Rumänische Kontraste Seite 5

Zeugnis davon geben auch die Steine am Friedhof der wunderschönen mittelalterlichen Burgstadt, die fast alle deutsche Namen tragen. Praktisch alle Deutschsprachigen sind wieder verschwunden. Geblieben ist von dem Jahrhunderte dauernden Gastspiel das beeindruckende kulturhistorische Erbe, und die Gewißheit, daß dieses Land auch zu Europa gehört, auch wenn es lange Zeit getrennt und isoliert war.

Rostige Zahnräder vor einer verfallenen Fabrik, in der keine Fensterscheibe mehr ganz ist, zeigt die häßliche Fratze der Industrialisierung. Mitten in schönster Landschaft nicht zuende gebaute Kühltürme, deren oberer unfertiger Rand durch Grünzeug "geschmückt" ist, als wollte die Natur ihren Triumph über den Wahnsinn damit mitteilen. Der Verfall und die Häßlichkeit der Industrieruinen spricht Bände über die Geschichte der (Wirtschafts-)Politik Rumäniens der letzten Jahrzehnte.

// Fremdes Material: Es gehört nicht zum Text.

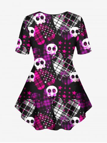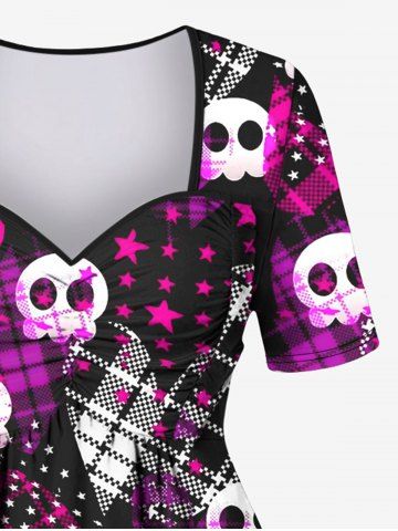 Plus Size Plaid Heart Cute Skull Stars Print Ruched T-shirt - Purple - 6x
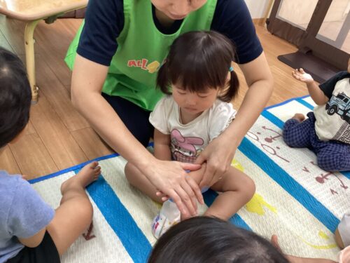 手洗いの歌に合わせてゴシゴシ練習しましたよ🥰

Die häßliche Stadt mit ihren riesigen Plattenbauten, zeigt den Irrsinn der hier herrschte. Der Fluß der Stadt ist in eine vollständig geschlossene Betonwanne gesperrt. Davor steht ein Chor der hübsche Volkslieder singt. Größenwahnsinnige Betonundinger stehen hier alten hübschen Häusern gegebenüber. Die Kontraste könnten schärfer nicht sein.

Kaum haben wir nach dem Weg gefragt zeigt uns das angesprochene junge Paar die ganze Stadt. Die modernen Skulpturen enttäuschen, der Maler aus Moldavien mit dem langen grauen Rauschebart, der sogar etwas deutsch spricht, überrascht, mitten in der Betonwüste. Der junge Rumäne ist Wirtschaftsinformatiker. Geld, Auto und Freundin ist ihm das Wichtigste. Das größte Interesse zeigt er an dem Einkommen und den Lebenserhaltungskosten in Österreich. Wir sagten ihm, Geld sei nicht alles und vieles was uns fehlte gäbe es in Rumänien. Dafür ernteten wir ungläubige Blicke. Es war ein lustiger Abend mit den beiden, die mitten in der Tristesse Lebensfreude, Gastfreundschaft und den weniger lustigen Haß gegenüber den Zigeunern zeigten.